◆ Task instructions
An exact transcription is needed of the lines below from the one with "Bisiklet Yaka Baskılı" through the one with "Analyzing performance data", with no other lines and no pictures.

◆ Entries provided
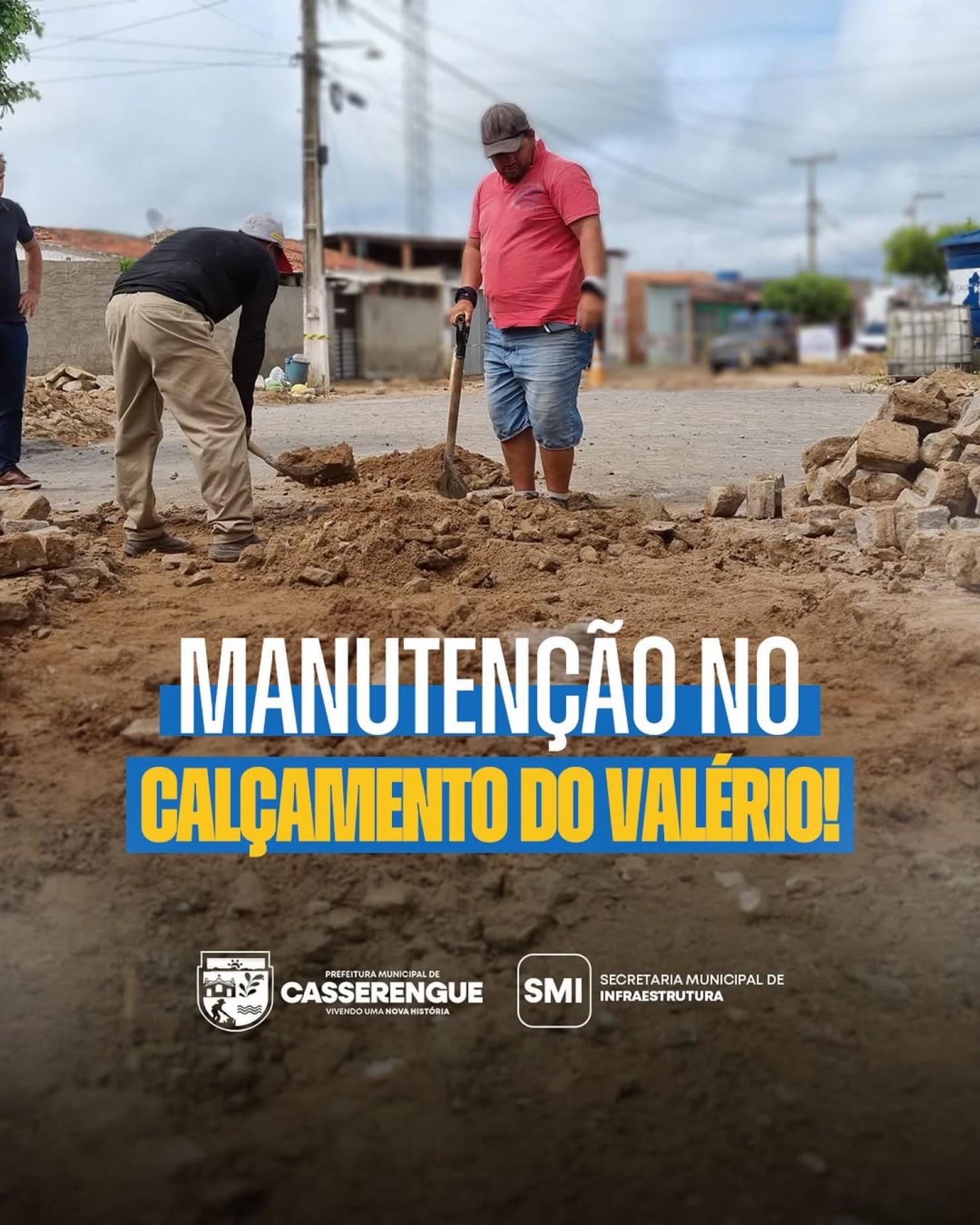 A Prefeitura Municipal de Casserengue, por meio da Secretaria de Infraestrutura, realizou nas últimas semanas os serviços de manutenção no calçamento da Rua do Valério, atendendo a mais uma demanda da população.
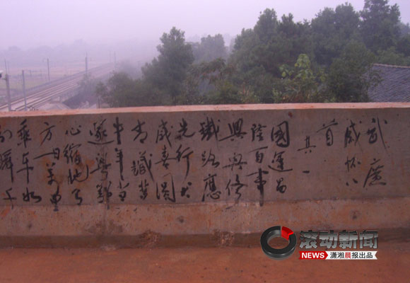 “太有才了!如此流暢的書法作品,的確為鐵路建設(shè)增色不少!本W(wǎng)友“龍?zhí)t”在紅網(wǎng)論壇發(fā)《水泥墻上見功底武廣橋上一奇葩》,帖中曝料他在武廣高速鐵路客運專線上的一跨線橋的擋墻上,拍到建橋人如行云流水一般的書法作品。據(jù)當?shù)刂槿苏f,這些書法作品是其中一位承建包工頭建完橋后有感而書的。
...
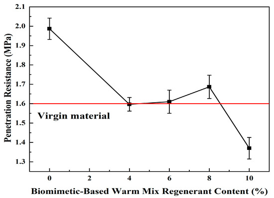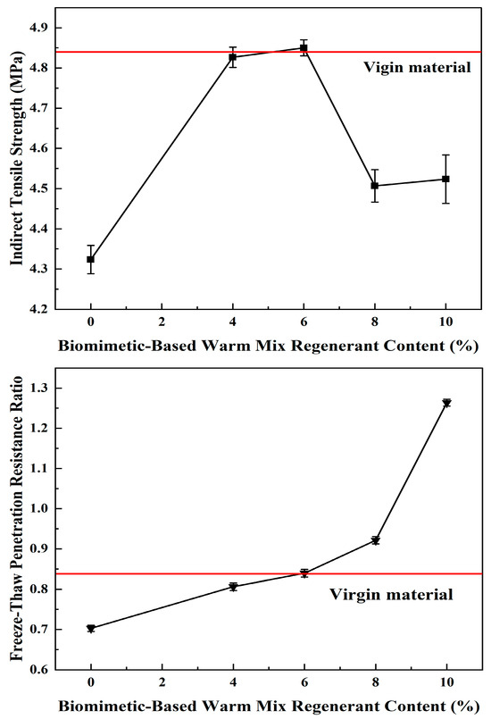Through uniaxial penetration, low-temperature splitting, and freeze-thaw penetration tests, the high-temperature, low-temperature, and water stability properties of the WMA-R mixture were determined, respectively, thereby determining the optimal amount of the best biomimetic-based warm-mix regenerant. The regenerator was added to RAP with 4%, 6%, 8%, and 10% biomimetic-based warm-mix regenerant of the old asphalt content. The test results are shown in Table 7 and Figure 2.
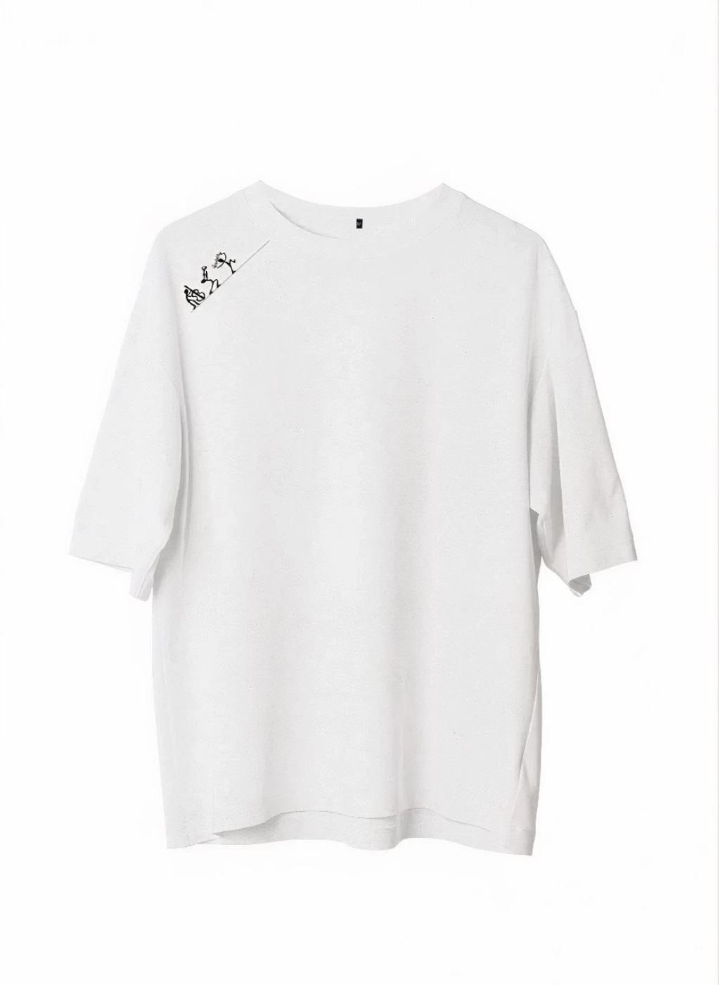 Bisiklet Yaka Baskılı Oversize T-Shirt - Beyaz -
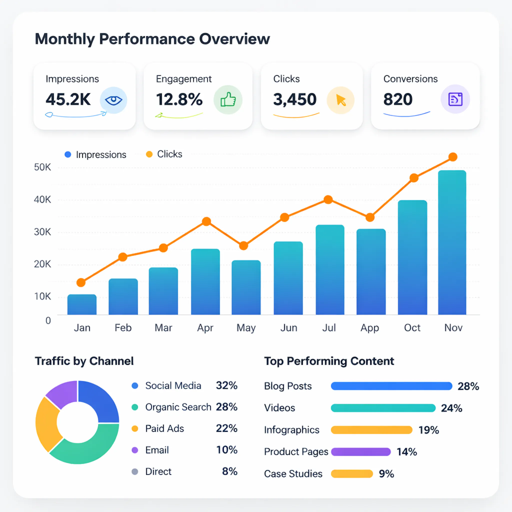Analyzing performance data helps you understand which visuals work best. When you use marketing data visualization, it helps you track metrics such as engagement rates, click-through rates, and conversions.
---
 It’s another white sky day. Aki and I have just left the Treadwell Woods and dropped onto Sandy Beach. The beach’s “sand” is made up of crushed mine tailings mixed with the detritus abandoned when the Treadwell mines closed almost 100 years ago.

◆ Answer
 Bisiklet Yaka Baskılı Oversize T-Shirt - Beyaz -
Analyzing performance data helps you understand which visuals work best. When you use marketing data visualization, it helps you track metrics such as engagement rates, click-through rates, and conversions.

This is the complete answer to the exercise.